Rules and nuances of creating a structure

The main elements of the system are specially designed drainage pipes. They are made of plastic, and their maximum diameter is one hundred millimeters. If your budget does not allow them to be purchased, then ordinary sewer pipes can be used as their replacement. It is only necessary to select pipes of the required diameter, making holes in them.

It is necessary to take into account the dimensions of the gravel in which the part will be laid. Its diameter should be larger than that of the holes made.

According to the experience of many people, the drainage system around the house can be done independently. To perform this procedure, you must follow the following rules and nuances:

  • The pipe must be covered with gravel for 30 centimeters. In order to prevent the system from becoming clogged, elements are used that are wrapped in filtration material. Or, instead, geotextiles are laid.
  • If deep drainage will be located under the road where cars move, then pipes made of metal should be used for the structure, which are connected by couplings to other elements.
  • In order to freely clean and maintain the building during operation, manholes are installed at key points, as well as every ten meters.

Step-by-step instructions for installing drains

Even at the design stage of the site, it is necessary to consider the drainage system. Such a plan will help determine the exact location of perforated pipes, as well as calculate the right materials and components. Consider a step-by-step instruction:

  • We carry out marking on the site according to the prepared plan. A drainage scheme around the house should be prepared. It is necessary to identify the highest and lowest point of the earth's surface. This must be known to cover the entire area.
  • Next, you need to dig ditches of the required depth. The width of the ditch should be such that perforated or sewer pipes and large gravel can fit into it.
  • Then you need to organize the slope of the structure. Take measurements of the height differences, after which you should set the poles at the required points. At the bottom of the ditch, you need to carefully pour sand until the necessary slope is formed.
  • The bottom of the ditch must be compacted. After that, it is necessary to fill in the crushed stone by ten centimeters, then the alignment is carried out again. Further, the bottom of the trench must be lined with geotextile, from the top of which a layer of gravel must be laid. You have to control the bias. Next, prepare the recess small size to lay perforated pipes.
  • Perforated elements are laid on the prepared area, after which they should be tightly connected. Do not forget to check the selected slope of the pipeline. The check is carried out using a rope that is stretched along the moat.
  • Then produced installation of manholes.
  • If no filtration material is attached to the pipes, they must be wrapped with geotextile., and fastening is carried out using a polypropylene tape.
  • The structure is backfilled with coarse gravel. The width of this layer should be 20 centimeters.
  • Pipes must be brought to the manhole. From it, water will flow into the ditches.
  • The filtration layer must be wrapped with geotextile. In this case, you need to make a small overlap.

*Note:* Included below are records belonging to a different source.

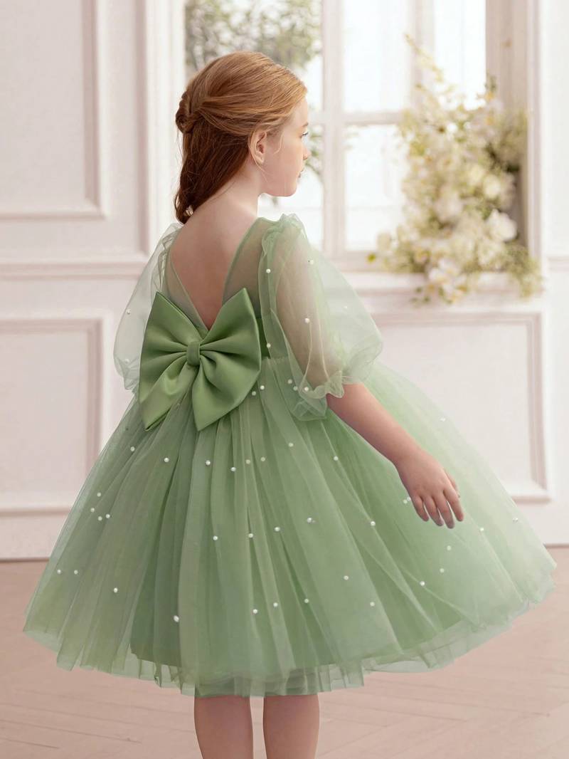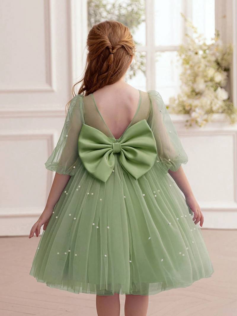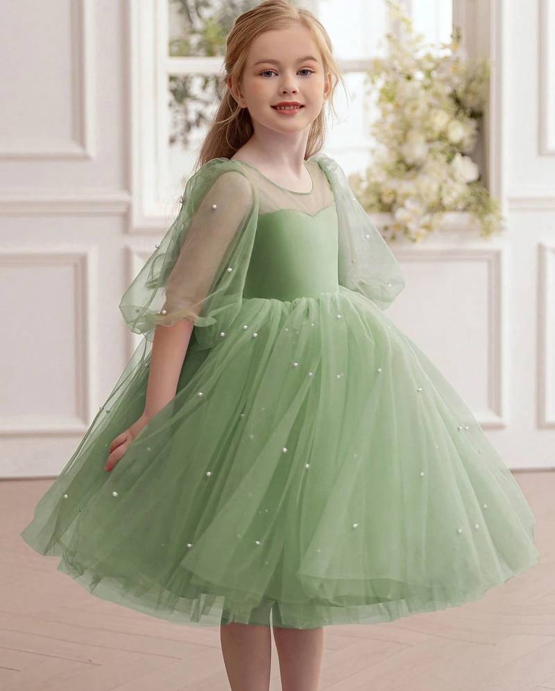 Product Name Green Pearl Embellished Net Fit & Flare Party Dress For Girls
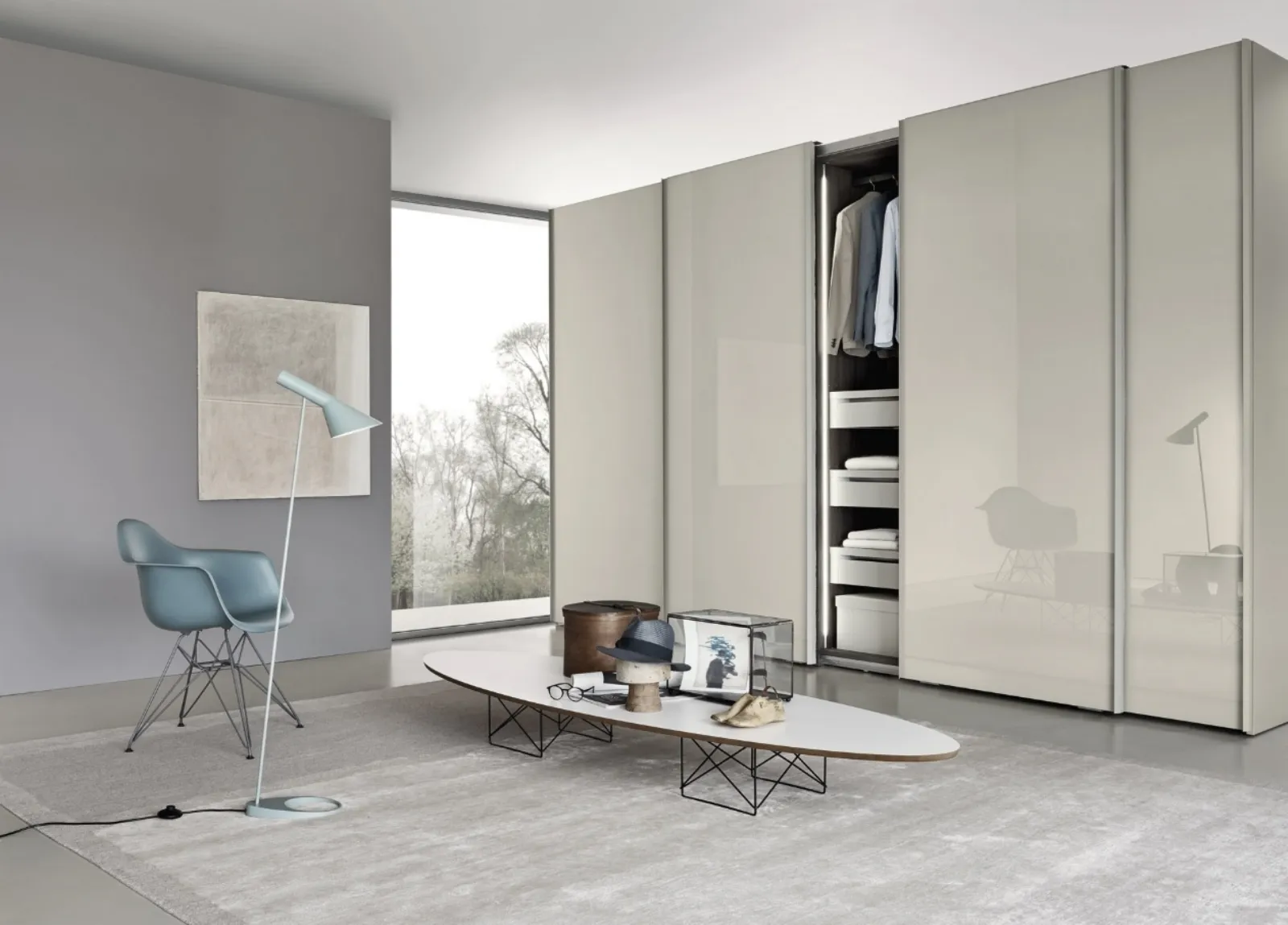 La camera da letto è dedicata al riposo, deve quindi risultare arredata al meglio e completa di mobili e complementi capaci di creare un'atmosfera sempre distensiva. Contattaci per informazioni e preventivi e potrai completare la camera da letto che hai sempre sognato grazie ad una diversificata gamma di mobili contenitori design come quest'armadiatura in vetro nella fotografia. Per completare ottimamente il concept d'arredo, opta per le nostre proposte di Arredamento Casa dei migliori produttori, letti, armadi e comò vari per buon gusto, grandezza e materiale. Armadio Ala Vetro Juta di Sangiacomo: compila il form, contattaci e dai vita alla stanza del relax come l'avevi immaginata.
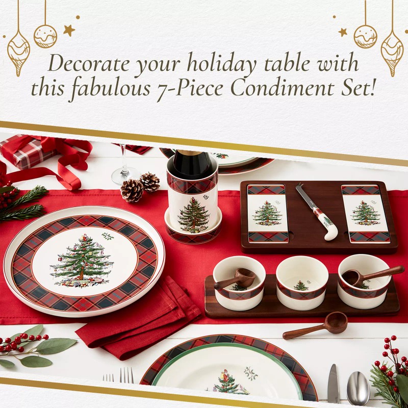 Set of (7) Spode Christmas Tree Tartan 7-Piece Condiment Set
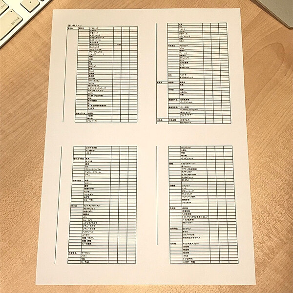 私が使用している実際の買い物リストです。 エクセルで作っていて、必要に応じて編集しています。
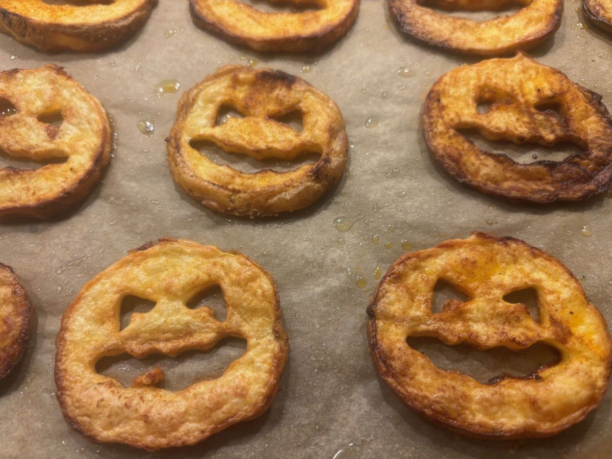 Große Kartoffeln in dünne Scheiben schneiden und mit einer KürbisKeksform ausstechen, salzen und würzen mit zB Paprikapulver. Anschließend im Backofen garen und bräunen.
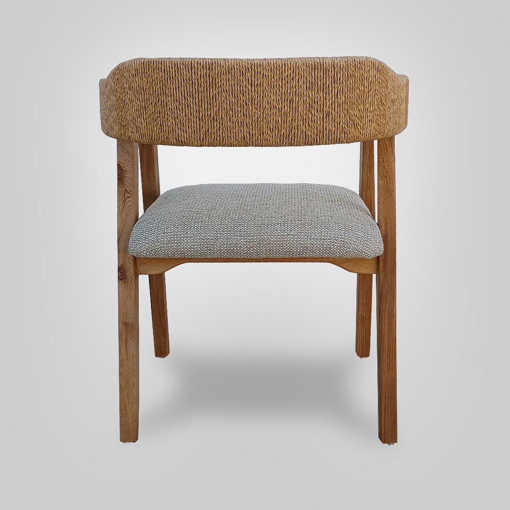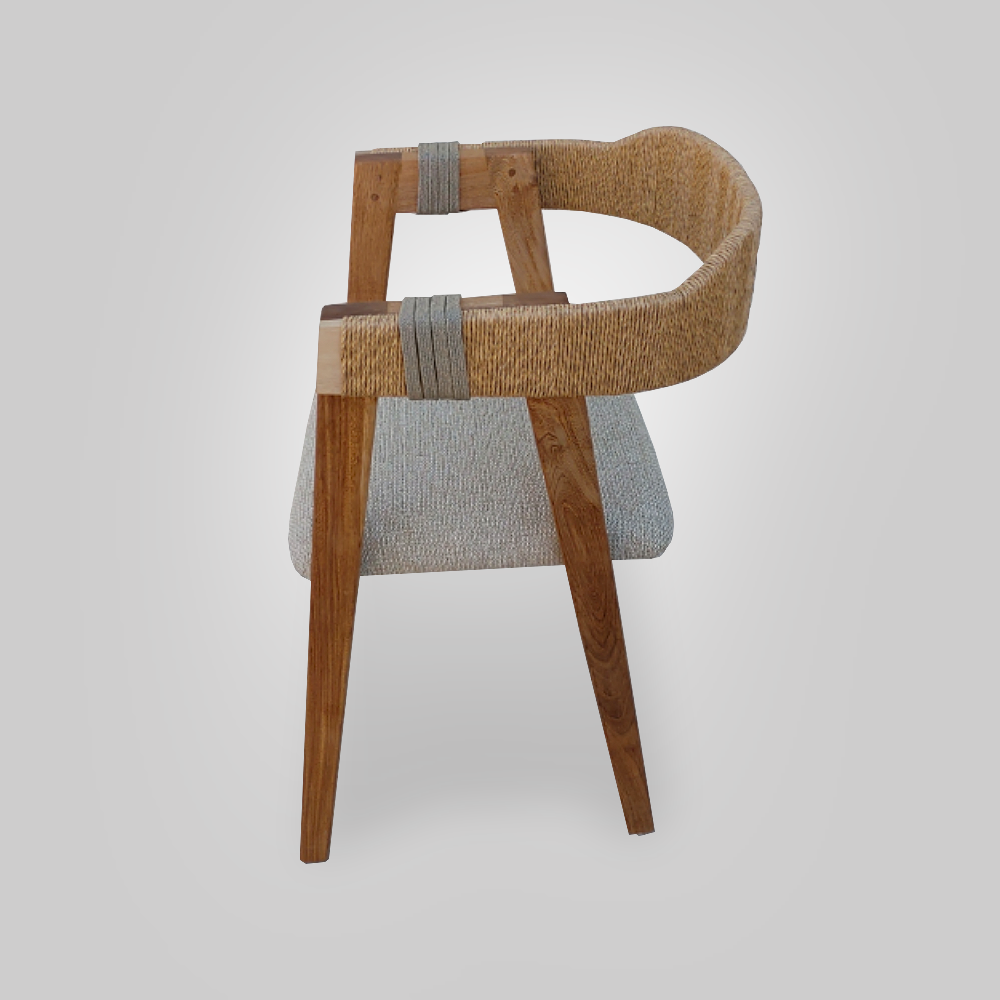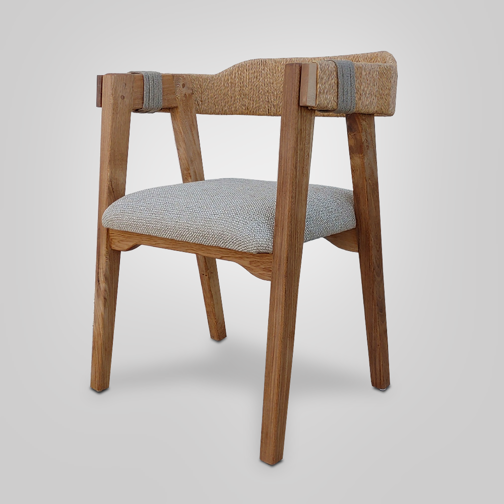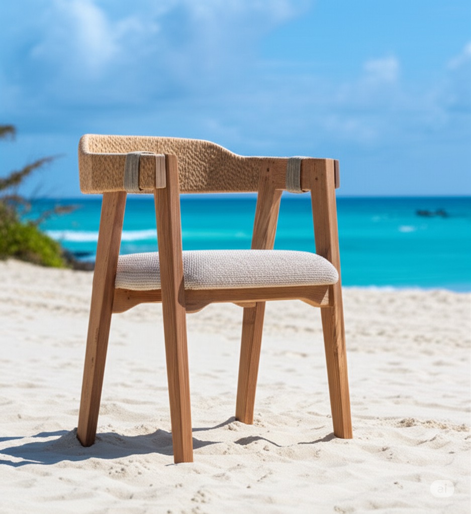 La Silla Bacalar con respaldo tejido es una elegante combinación de diseño contemporáneo y artesanía tradicional. Fabricada en madera sólida de rosa morada, encino, teca o tzalam, su respaldo tejido a mano en palma sintética brinda un aspecto sofisticado y único. El asiento tapizado en tela añade un extra de confort, mientras el acabado en aceite y cera resalta la belleza natural de la madera. Esta silla es perfecta para quienes buscan agregar carácter y autenticidad a sus espacios.

The final stage of the procedure is backfilling the drainage system with river sand. To make everything look aesthetically pleasing, the sand also needs to be compacted.

Manholes

A well-made manhole is the key to an effective drainage system around your structure. A manhole is needed to maintain and clean the drainage structure. Without a well, the system will gradually become clogged and eventually become unusable.

It is possible to purchase a ready-made component on the construction market, or you can create it yourself using a piece of plastic pipe of the required diameter. The manhole should be wide enough so that a person's hand can go down there to clean the drainage system.

At the point of the drainage structure, which is the lowest, a catchment well must be installed. The most popular structures are made of reinforced concrete. The depth of the manhole should be such that the sand at the bottom should not interfere with the water flow. Only sometimes it needs to be cleaned.

Building materials and tools

As with any procedure, construction tools and materials will be needed to create a drainage system. The first construction tool is a shovel, with which ditches are dug. The next main component is plastic pipes that will drain water.

You will need manholes, a specially designed hacksaw for metal elements. We need transport that will carry out the transportation of large gravel, a heat insulator is also needed, namely geotextiles. Pipes are being laid on this heater. And you will need a small amount of sand.

Cost of work

The price depends on the materials that you will use for installation. If you need to equip the drainage system at their summer cottage, then you can use available materials e.g. boards, slates, stones, brick remnants.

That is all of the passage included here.